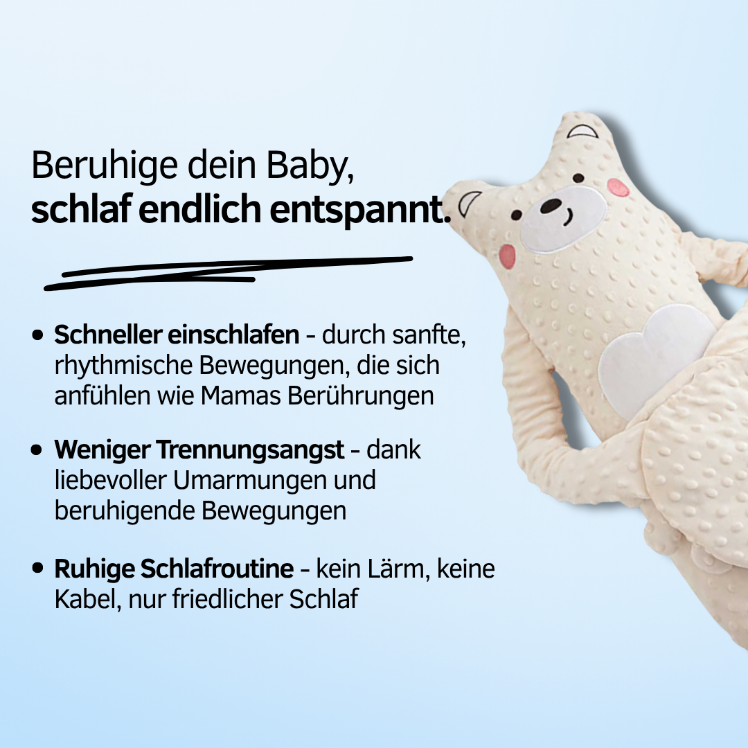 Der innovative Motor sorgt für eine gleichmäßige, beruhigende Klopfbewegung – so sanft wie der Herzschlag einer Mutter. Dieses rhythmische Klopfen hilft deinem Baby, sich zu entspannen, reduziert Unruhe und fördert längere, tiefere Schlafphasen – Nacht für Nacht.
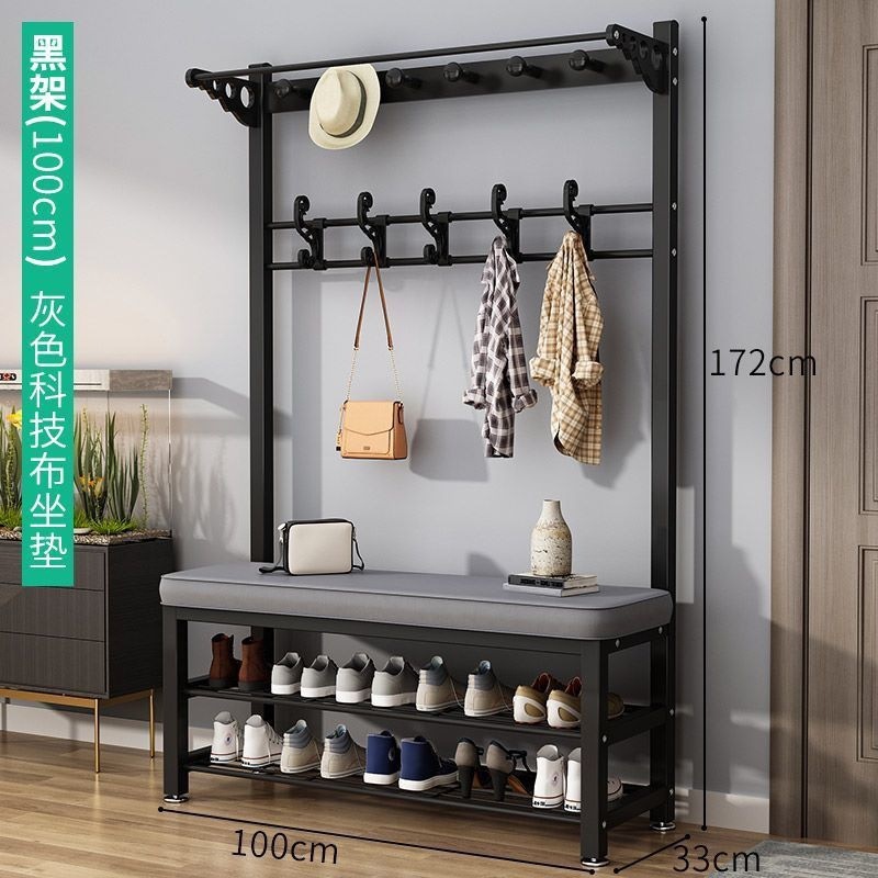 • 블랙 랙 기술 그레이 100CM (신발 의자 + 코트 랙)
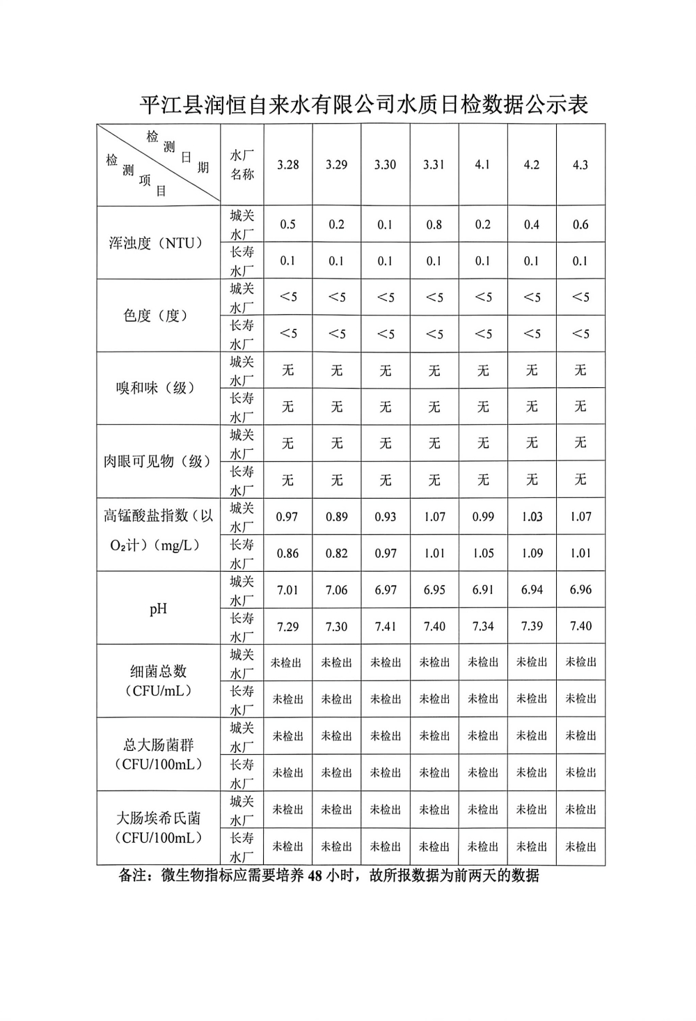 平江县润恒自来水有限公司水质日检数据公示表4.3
* * *
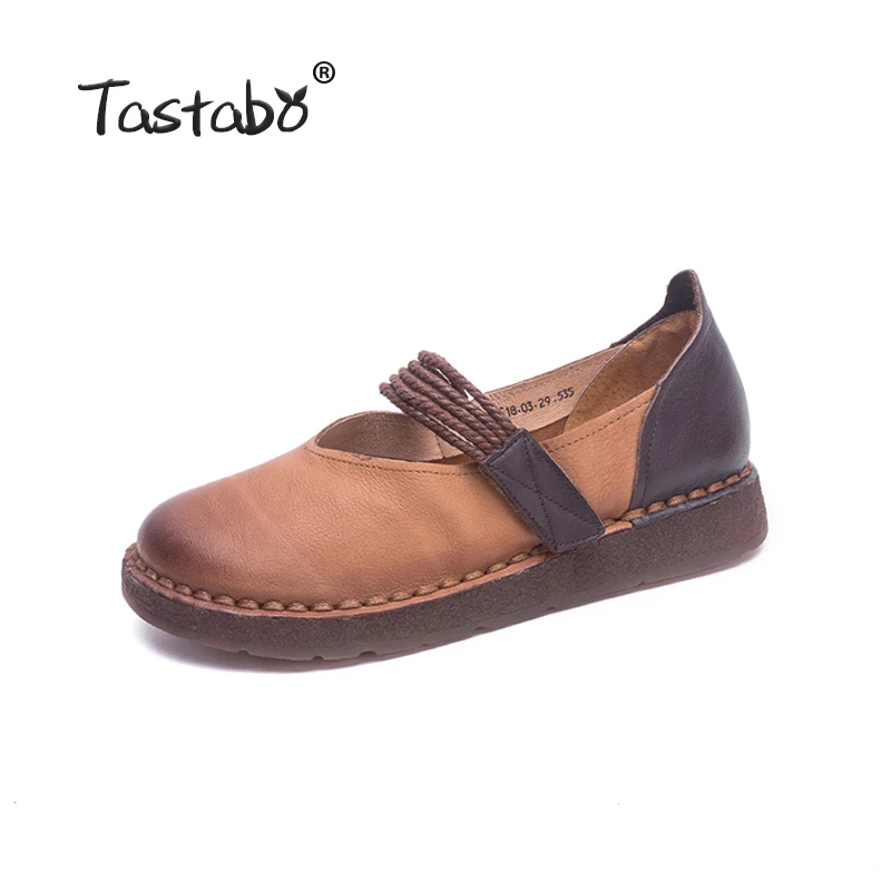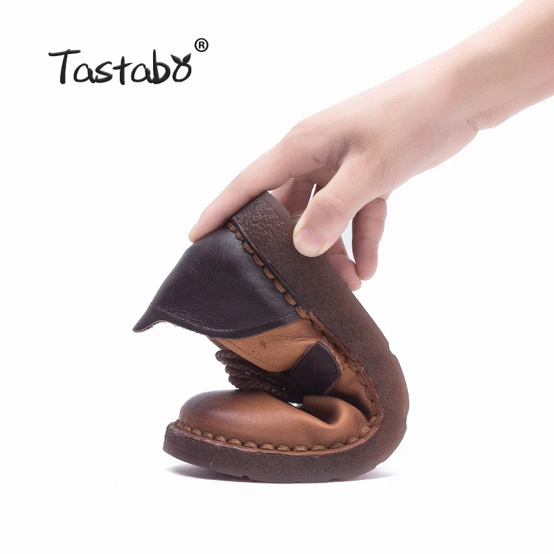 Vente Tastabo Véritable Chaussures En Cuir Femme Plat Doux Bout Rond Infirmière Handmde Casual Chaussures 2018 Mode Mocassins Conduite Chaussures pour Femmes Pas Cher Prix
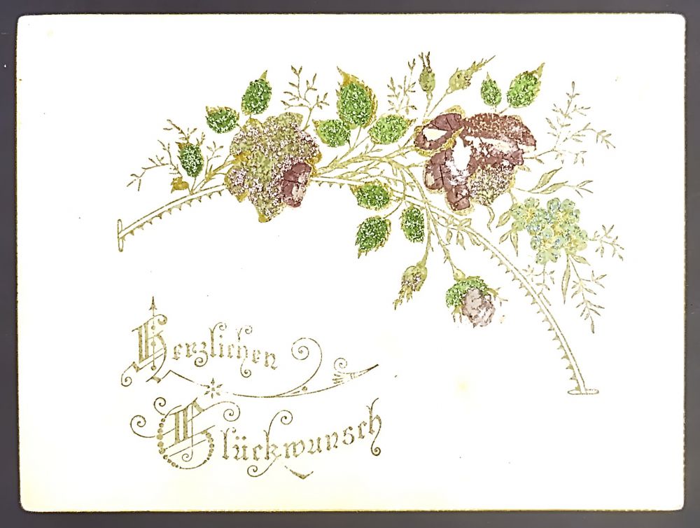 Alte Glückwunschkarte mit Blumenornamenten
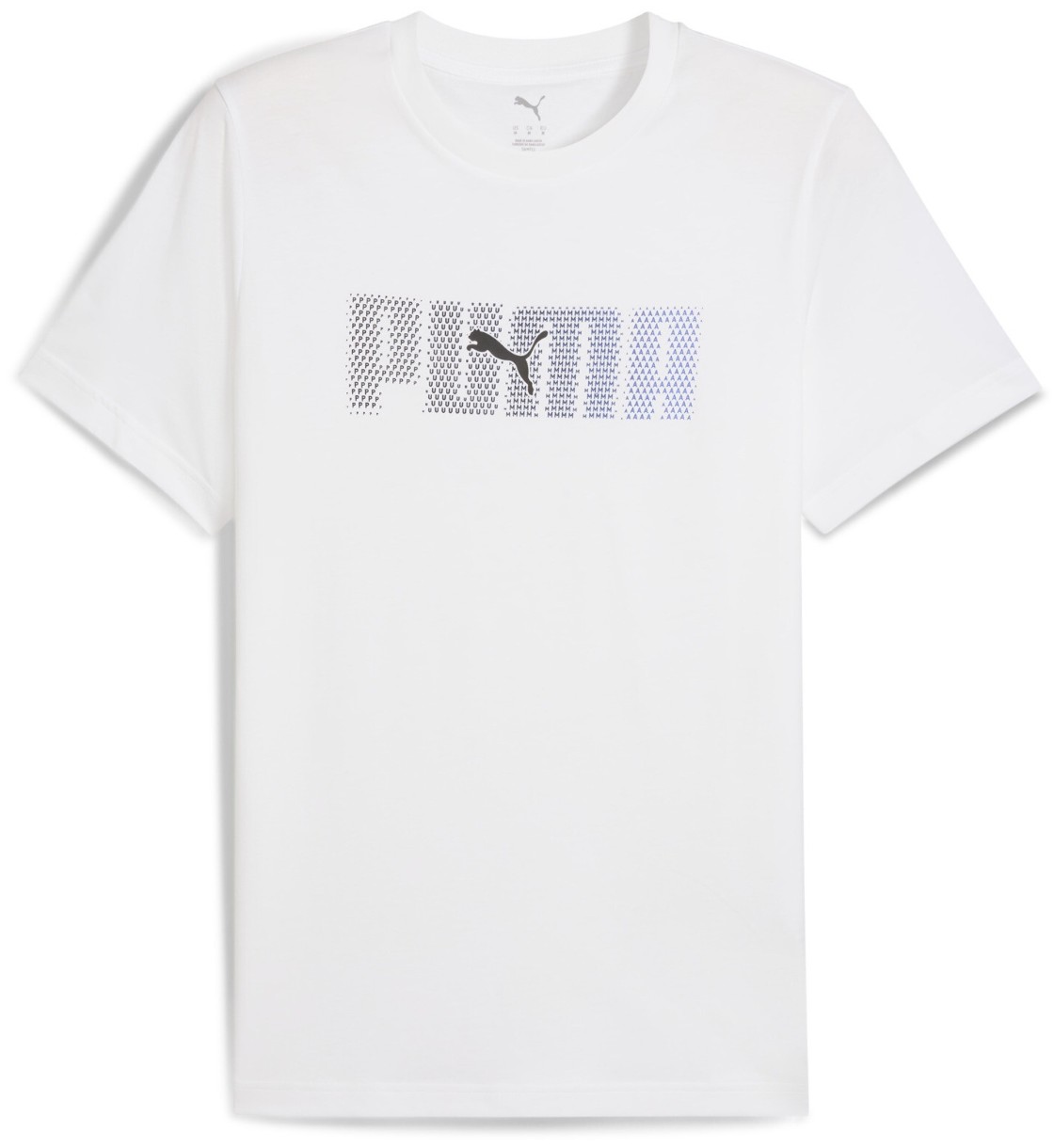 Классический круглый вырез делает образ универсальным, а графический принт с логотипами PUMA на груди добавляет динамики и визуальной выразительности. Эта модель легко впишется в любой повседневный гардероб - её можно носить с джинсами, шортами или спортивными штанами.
* * *
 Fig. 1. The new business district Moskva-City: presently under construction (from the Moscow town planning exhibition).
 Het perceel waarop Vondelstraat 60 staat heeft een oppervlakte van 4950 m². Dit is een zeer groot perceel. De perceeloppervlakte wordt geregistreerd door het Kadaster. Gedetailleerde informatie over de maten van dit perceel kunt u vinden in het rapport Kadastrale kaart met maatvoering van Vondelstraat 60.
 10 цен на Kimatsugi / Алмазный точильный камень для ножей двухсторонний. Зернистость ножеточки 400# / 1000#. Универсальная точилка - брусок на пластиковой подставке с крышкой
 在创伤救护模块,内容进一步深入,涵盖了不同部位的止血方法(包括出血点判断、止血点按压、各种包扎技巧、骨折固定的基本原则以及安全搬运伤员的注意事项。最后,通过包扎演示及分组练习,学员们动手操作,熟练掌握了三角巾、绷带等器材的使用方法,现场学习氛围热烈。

◆ Prompt
In the listing above, find the line with "(신발 의자 + 코트 랙)" and the line with "平江县润恒自来水有限公司水质日检数据公示表4.3". Set down both and every line between them, minus the pictures.

◆ Output for this exercise
 • 블랙 랙 기술 그레이 100CM (신발 의자 + 코트 랙)
 平江县润恒自来水有限公司水质日检数据公示表4.3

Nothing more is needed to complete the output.